# Data
────

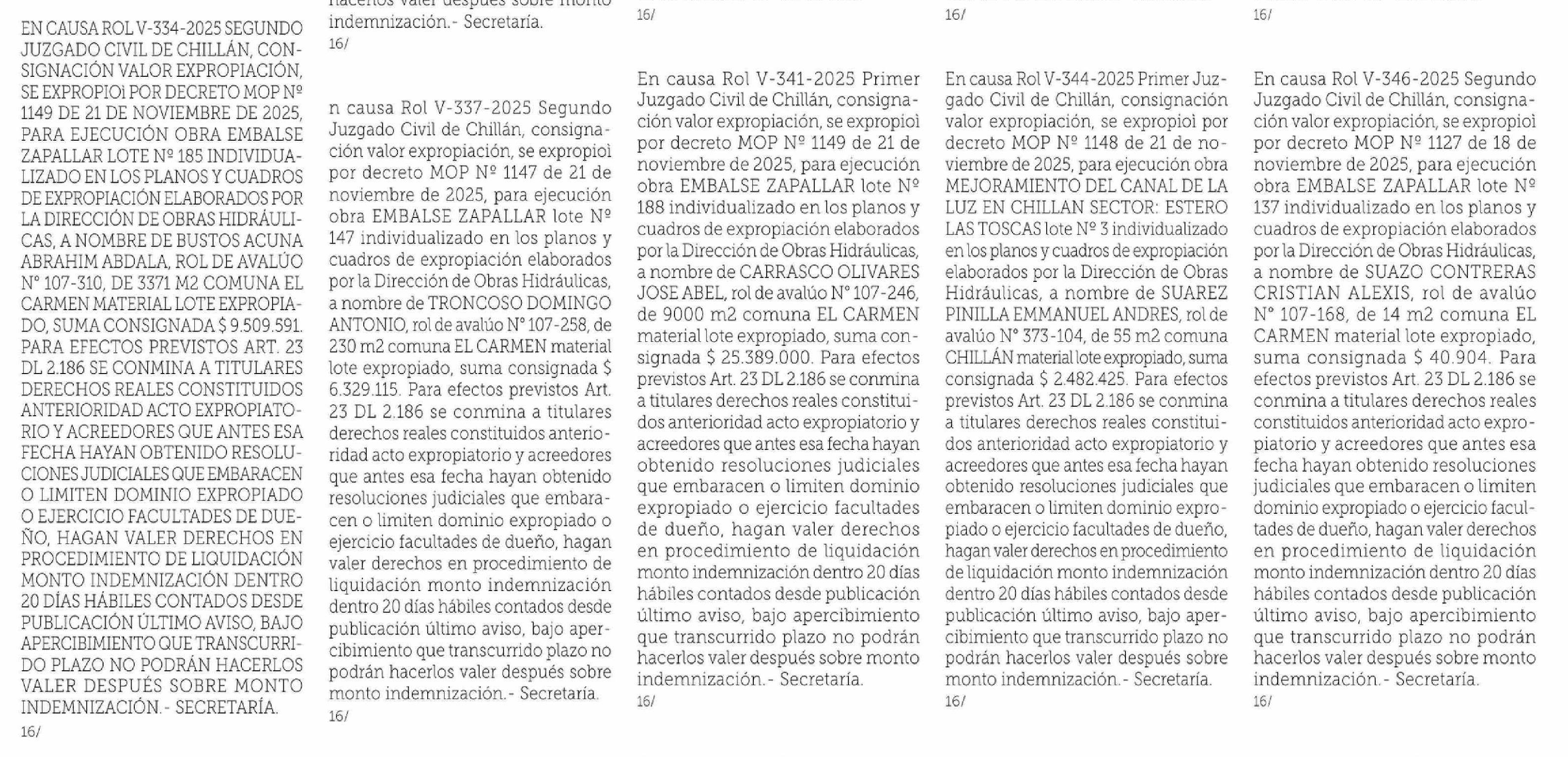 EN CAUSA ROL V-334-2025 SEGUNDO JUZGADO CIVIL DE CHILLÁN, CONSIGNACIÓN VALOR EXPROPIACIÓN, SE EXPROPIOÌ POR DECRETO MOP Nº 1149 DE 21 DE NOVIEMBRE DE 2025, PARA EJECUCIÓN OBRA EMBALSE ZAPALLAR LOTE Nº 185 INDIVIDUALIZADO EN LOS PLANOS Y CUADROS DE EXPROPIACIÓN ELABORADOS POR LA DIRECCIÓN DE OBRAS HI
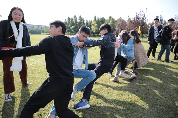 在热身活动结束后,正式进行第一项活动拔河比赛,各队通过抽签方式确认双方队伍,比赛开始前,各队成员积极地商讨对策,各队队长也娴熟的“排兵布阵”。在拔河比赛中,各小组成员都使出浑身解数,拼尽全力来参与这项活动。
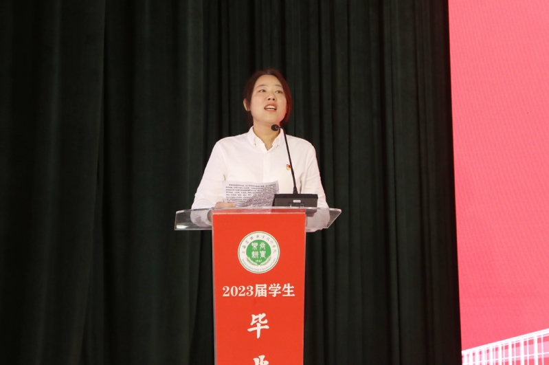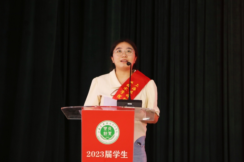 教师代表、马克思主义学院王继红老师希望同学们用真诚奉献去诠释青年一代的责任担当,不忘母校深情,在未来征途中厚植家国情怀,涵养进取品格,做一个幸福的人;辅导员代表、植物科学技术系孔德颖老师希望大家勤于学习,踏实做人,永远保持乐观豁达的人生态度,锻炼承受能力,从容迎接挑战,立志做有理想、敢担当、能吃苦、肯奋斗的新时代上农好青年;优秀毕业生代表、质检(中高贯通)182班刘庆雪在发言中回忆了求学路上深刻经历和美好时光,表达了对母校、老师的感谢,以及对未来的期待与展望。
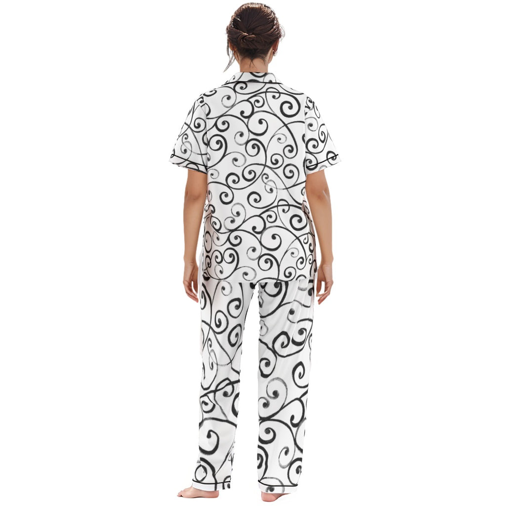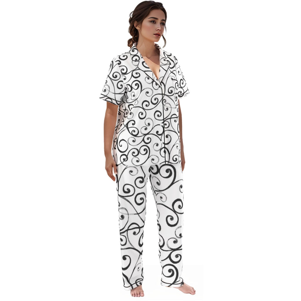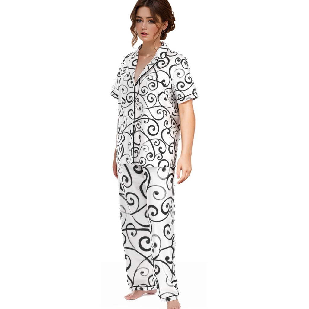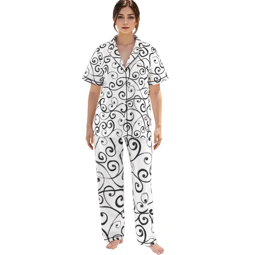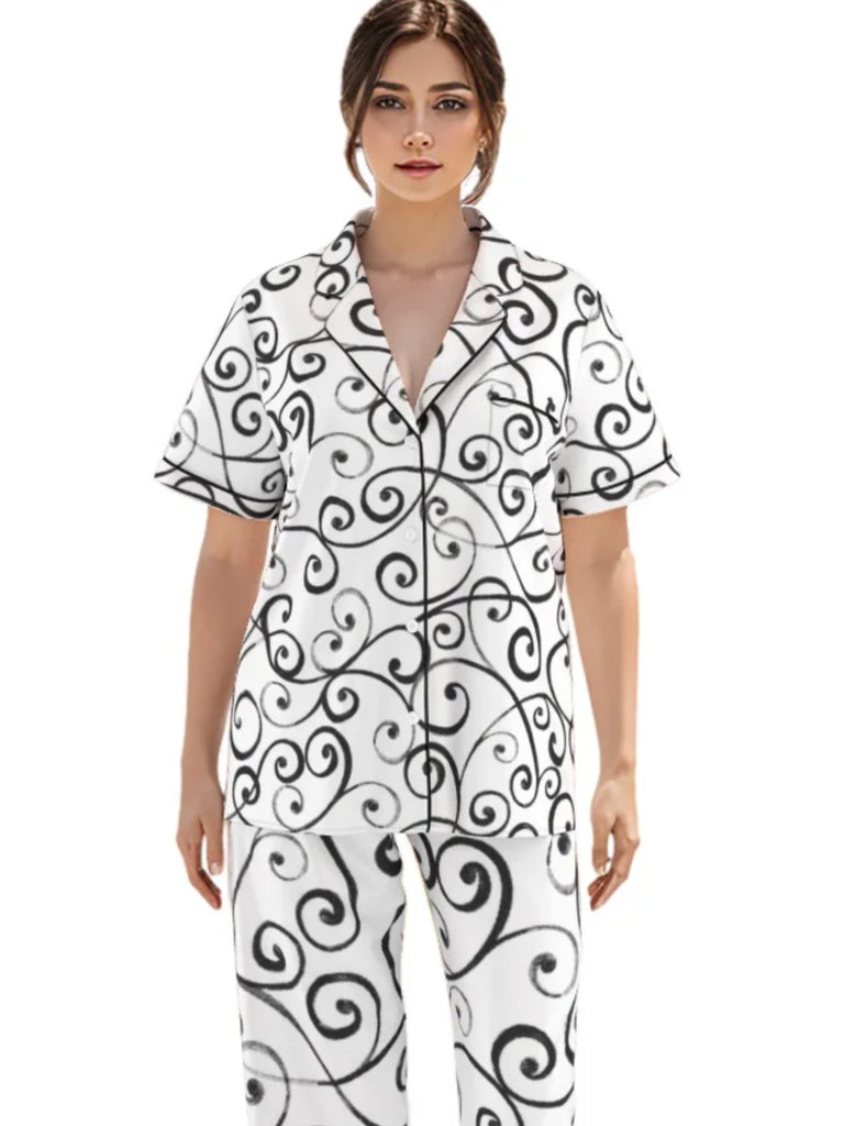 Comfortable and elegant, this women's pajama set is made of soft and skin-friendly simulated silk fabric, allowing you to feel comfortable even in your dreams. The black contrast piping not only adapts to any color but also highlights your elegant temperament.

────

# Work instruction
The data above must be given again in full and unaltered, minus its images.

# Expected answer
 EN CAUSA ROL V-334-2025 SEGUNDO JUZGADO CIVIL DE CHILLÁN, CONSIGNACIÓN VALOR EXPROPIACIÓN, SE EXPROPIOÌ POR DECRETO MOP Nº 1149 DE 21 DE NOVIEMBRE DE 2025, PARA EJECUCIÓN OBRA EMBALSE ZAPALLAR LOTE Nº 185 INDIVIDUALIZADO EN LOS PLANOS Y CUADROS DE EXPROPIACIÓN ELABORADOS POR LA DIRECCIÓN DE OBRAS HI
 在热身活动结束后,正式进行第一项活动拔河比赛,各队通过抽签方式确认双方队伍,比赛开始前,各队成员积极地商讨对策,各队队长也娴熟的“排兵布阵”。在拔河比赛中,各小组成员都使出浑身解数,拼尽全力来参与这项活动。
 教师代表、马克思主义学院王继红老师希望同学们用真诚奉献去诠释青年一代的责任担当,不忘母校深情,在未来征途中厚植家国情怀,涵养进取品格,做一个幸福的人;辅导员代表、植物科学技术系孔德颖老师希望大家勤于学习,踏实做人,永远保持乐观豁达的人生态度,锻炼承受能力,从容迎接挑战,立志做有理想、敢担当、能吃苦、肯奋斗的新时代上农好青年;优秀毕业生代表、质检(中高贯通)182班刘庆雪在发言中回忆了求学路上深刻经历和美好时光,表达了对母校、老师的感谢,以及对未来的期待与展望。
 Comfortable and elegant, this women's pajama set is made of soft and skin-friendly simulated silk fabric, allowing you to feel comfortable even in your dreams. The black contrast piping not only adapts to any color but also highlights your elegant temperament.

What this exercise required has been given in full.